All that is needed is an exact copy of the lines from the beginning of the data below through the line containing "- 美術品・アンティーク・コレクション >", minus the pictures.

* **INPUT**:
◇ ◇ ◇ ◇ ◇

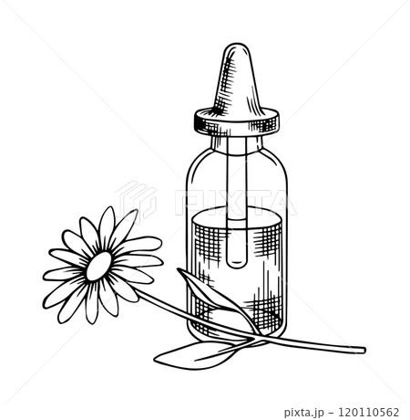 jar with aromatic chamomile oil, cosmetics. vector illustration in sketch style.
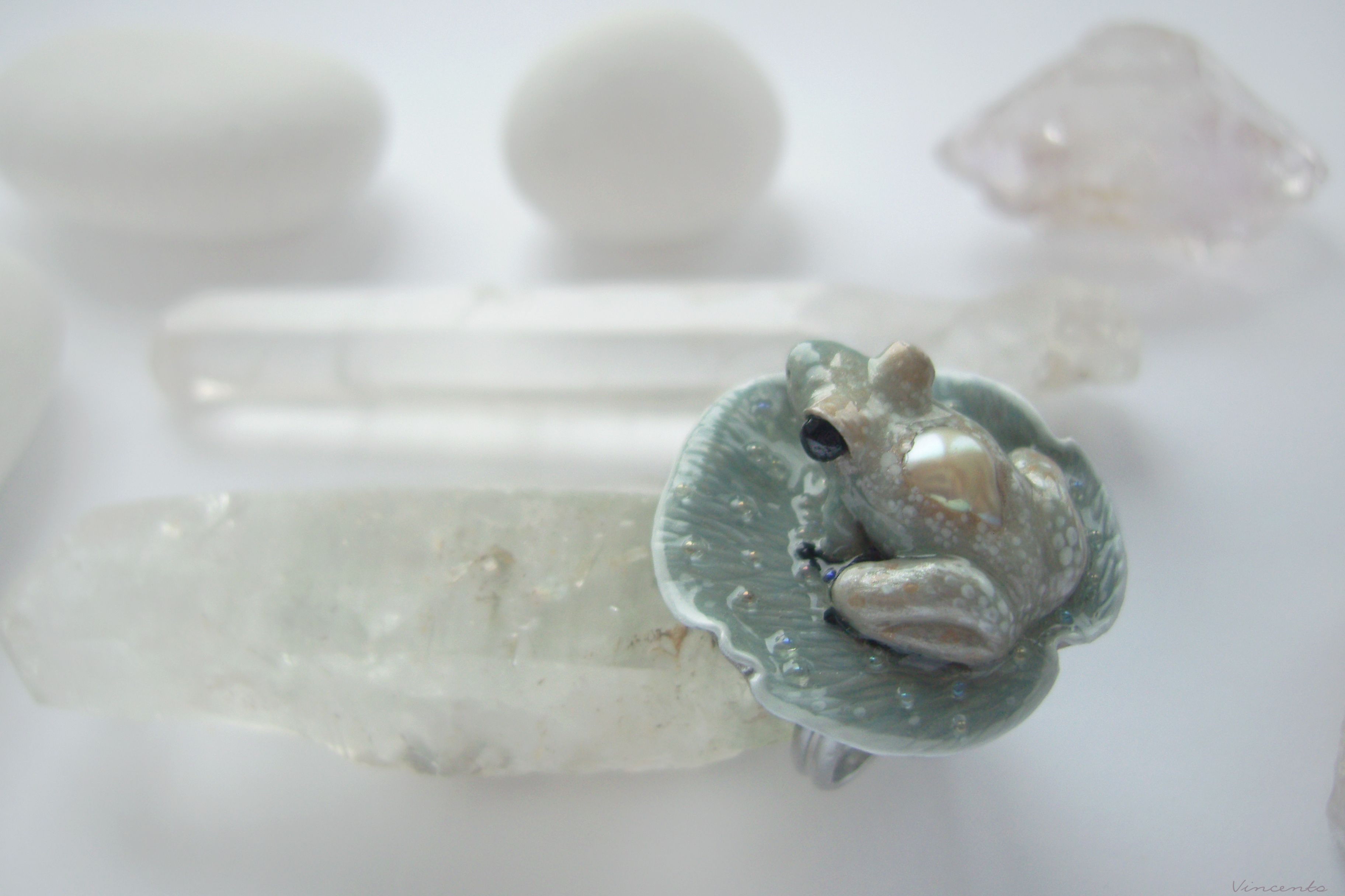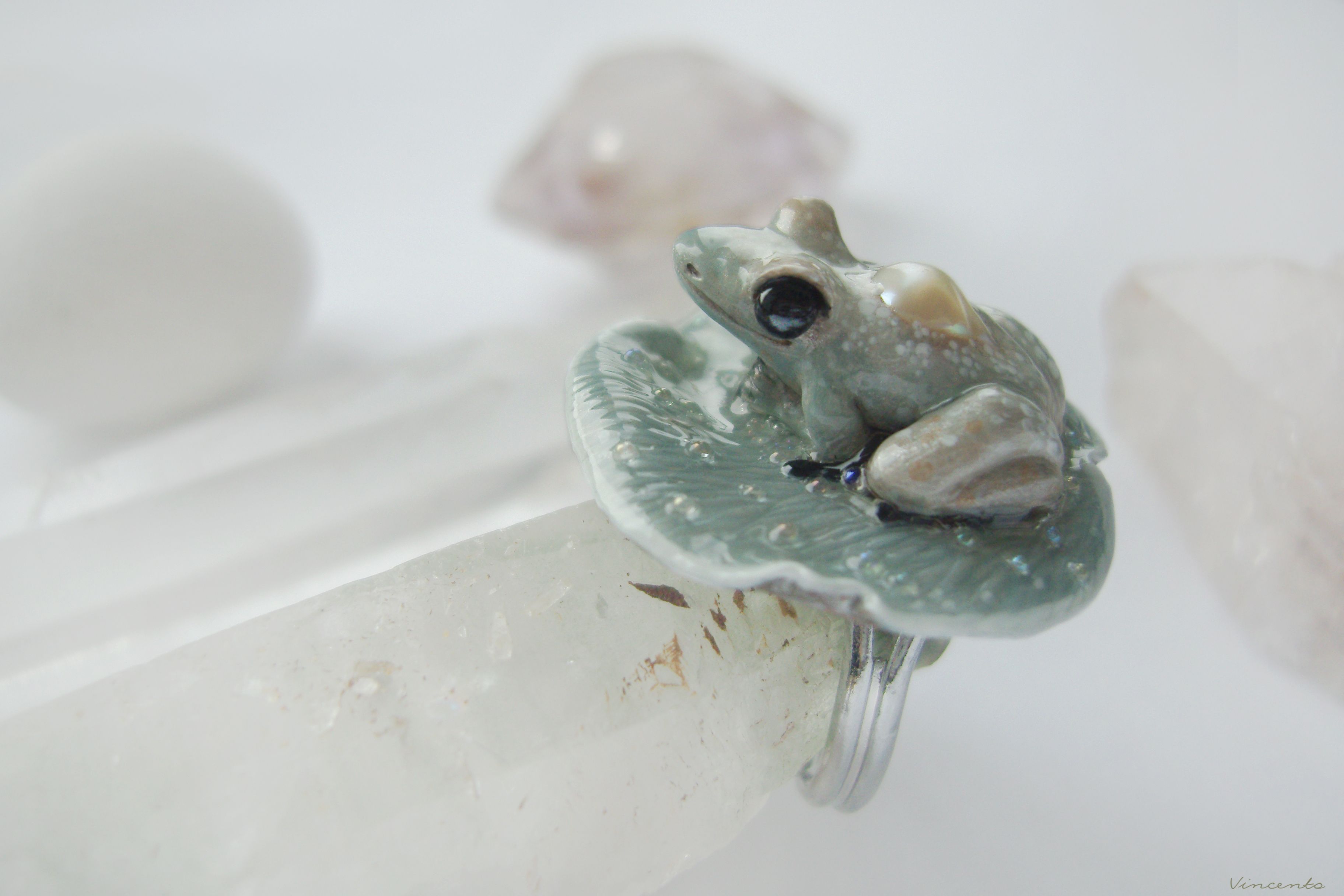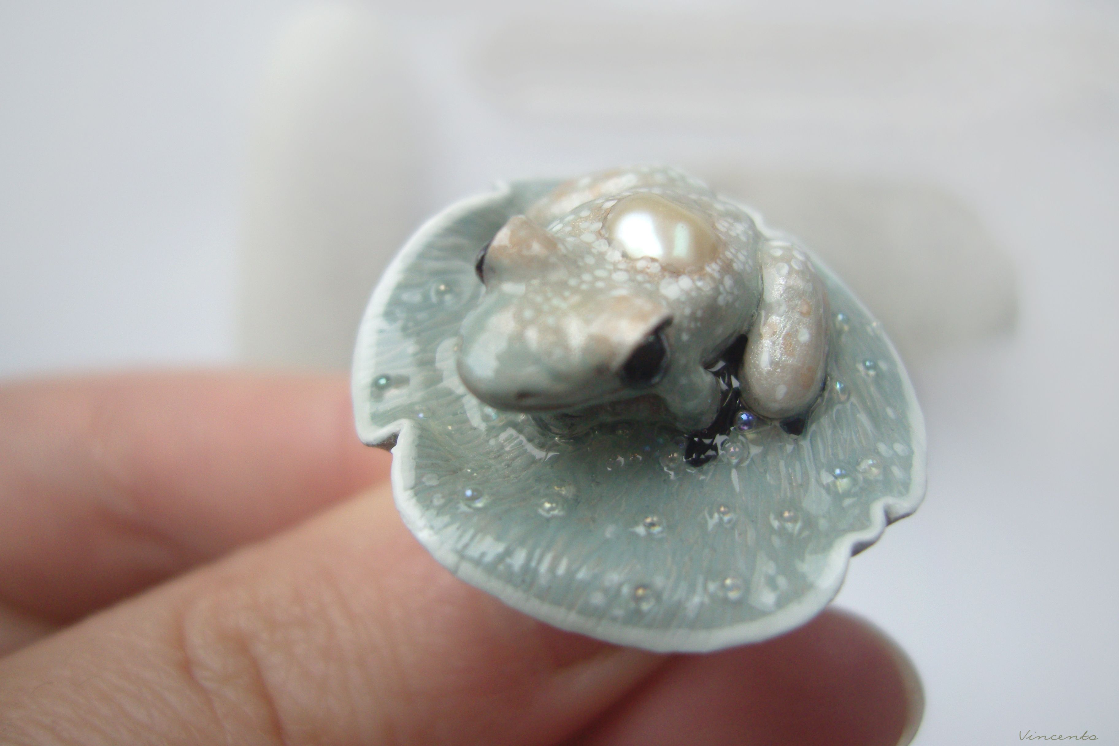 - Невероятно нежное и утончённое арт-нуво колечко в виде зачарованной принцессы-лягушки на листе волшебной кувшинки из затаившегося в туманной пелене сада.
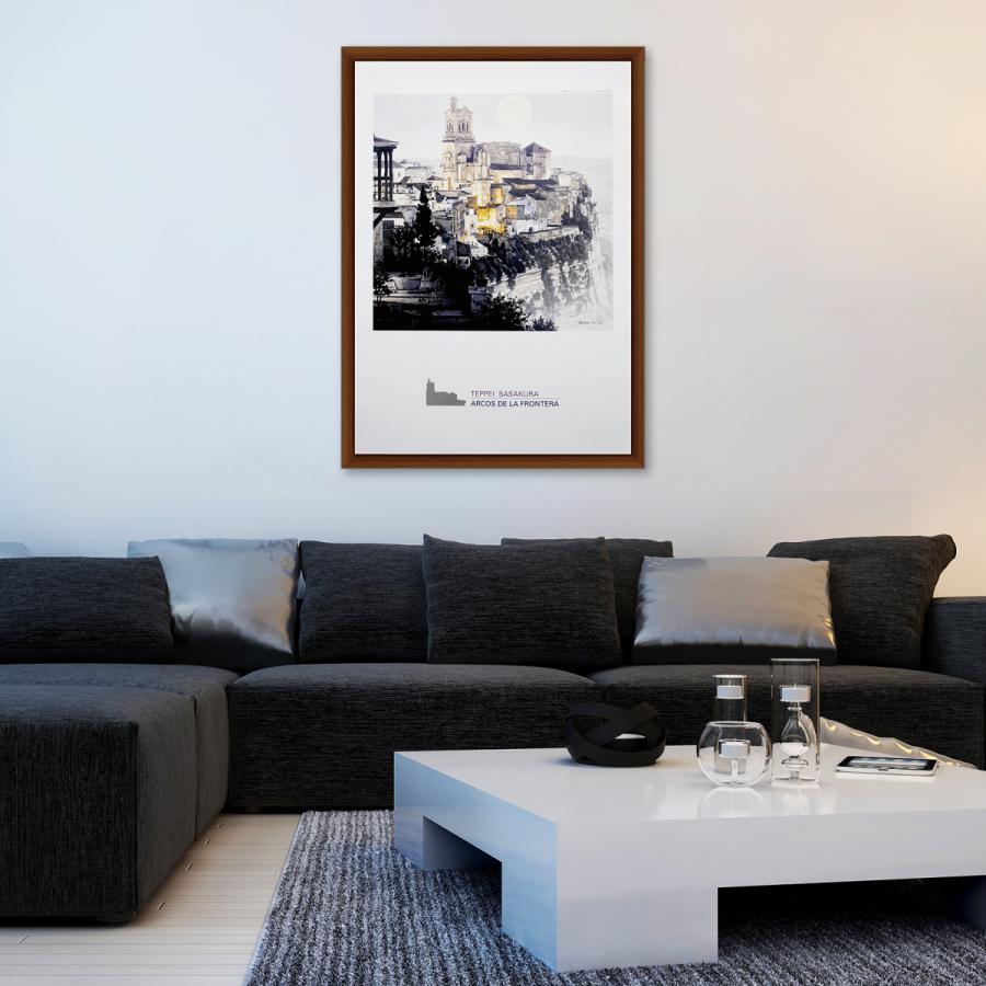 - 美術品・アンティーク・コレクション > 絵画 > 笹倉鉄平「窓辺」フレーム付き プリント ポスター インテリア 笹倉鉄平 笹倉鉄平 絵画 額入りポスター「Arcos de la Frontera」フレーム付き
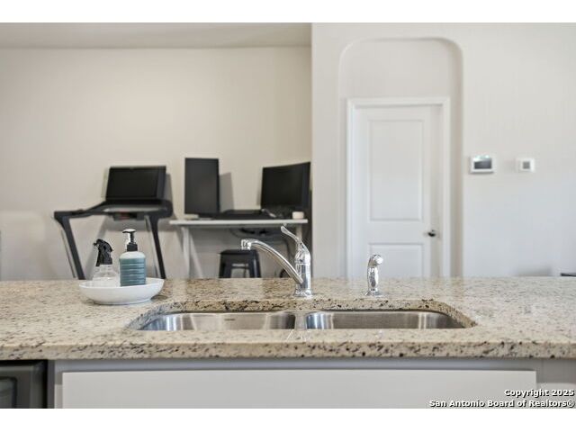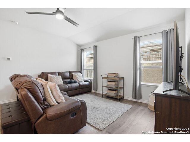 Welcome to this beautifully maintained, single-story home offering 3 bedrooms, 2 bathrooms, and a two-car garage. The welcoming entry opens into a spacious dining area that flows seamlessly into the open-concept kitchen and living room-perfect for everyday living and entertaining. The kitchen features granite countertops, stainless steel appliances, a gas range, subway tile backsplash, and generous cabinet storage, all overlooking a bright living area filled with natural light. The private primary suite is tucked away for added comfort and includes a double vanity, separate soaking tub and walk-in shower, private water closet, and a large walk-in closet. Secondary bedrooms, a full guest bath, and a utility room are conveniently located near the front of the home. Additional highlights include 9-foot ceilings, luxury vinyl plank flooring in the main living areas, ceramic tile in bathrooms and utility room, 2-inch faux wood blinds throughout, and a pre-plumbed water softener loop. Step outside to a covered patio, full yard landscaping, and full irrigation, creating an ideal space to relax or entertain outdoors. Short drive to Lackland AFB, Minutes from the Dove Creek shopping center. Currently Zoned for Medina Valley Schools. Schedule your tour today.
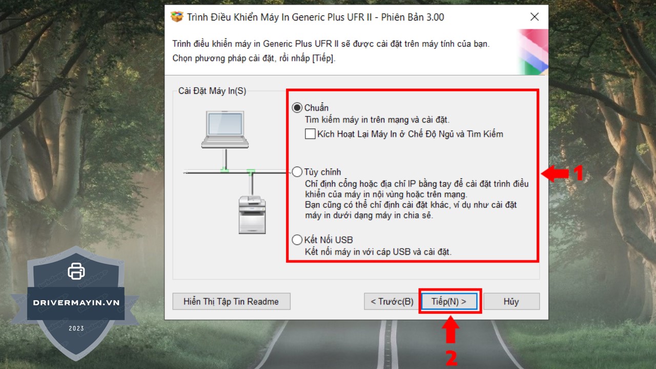 Canon MF655CDW hỗ trợ nhiều hình thức kết nối như USB, mạng LAN hoặc WiFi. Tại bước này, bạn hãy chọn phương thức kết nối đang sử dụng, sau đó nhấn Tiếp (N) để hệ thống thiết lập kết nối chính xác giữa máy tính và máy in.
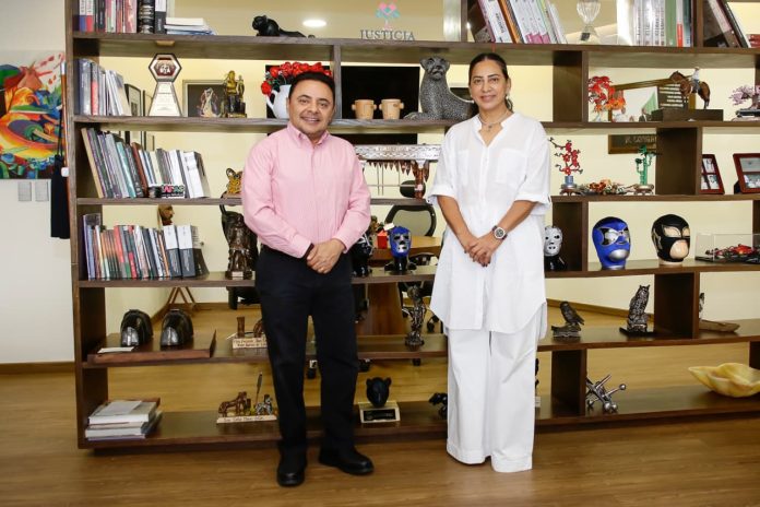 El magistrado presidente del Poder Judicial del Estado de Chiapas, Juan Carlos Moreno Guillén, sostuvo una reunión de trabajo con la presidenta municipal de Jiquipilas, Blanca Yaneth Chiu López, para dialogar sobre acciones e intercambiar experiencias que fortalezcan la labor por la seguridad, el bienestar social y el acceso a la justicia.
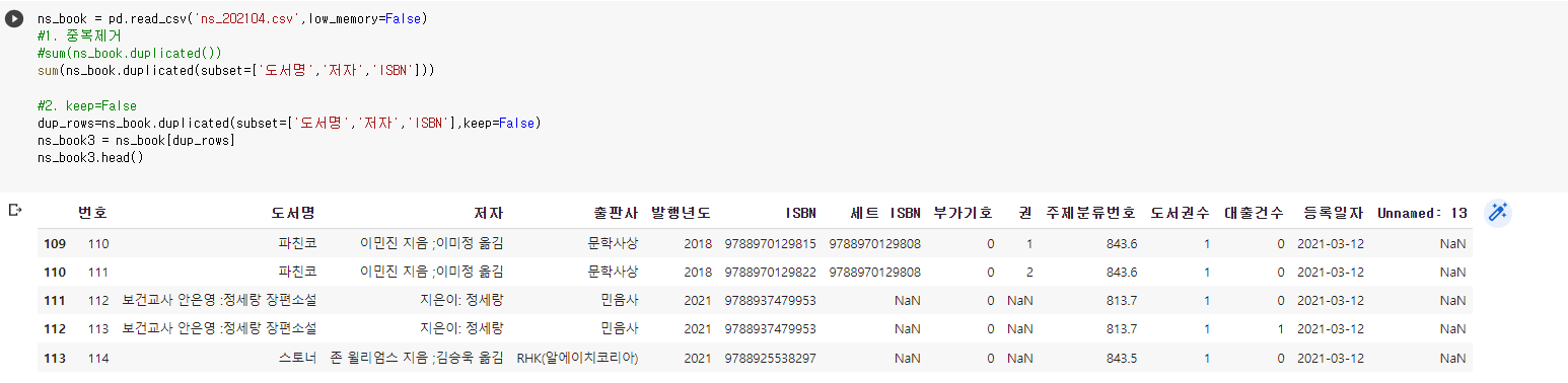 2. keep매개변수를 False로 설정하면 리턴되는 불리언 배열에 중복 된 행은 True로 Check

◇ ◇ ◇ ◇ ◇

* **RESULT FOR THIS EXERCISE**:
 jar with aromatic chamomile oil, cosmetics. vector illustration in sketch style.
 - Невероятно нежное и утончённое арт-нуво колечко в виде зачарованной принцессы-лягушки на листе волшебной кувшинки из затаившегося в туманной пелене сада.
 - 美術品・アンティーク・コレクション > 絵画 > 笹倉鉄平「窓辺」フレーム付き プリント ポスター インテリア 笹倉鉄平 笹倉鉄平 絵画 額入りポスター「Arcos de la Frontera」フレーム付き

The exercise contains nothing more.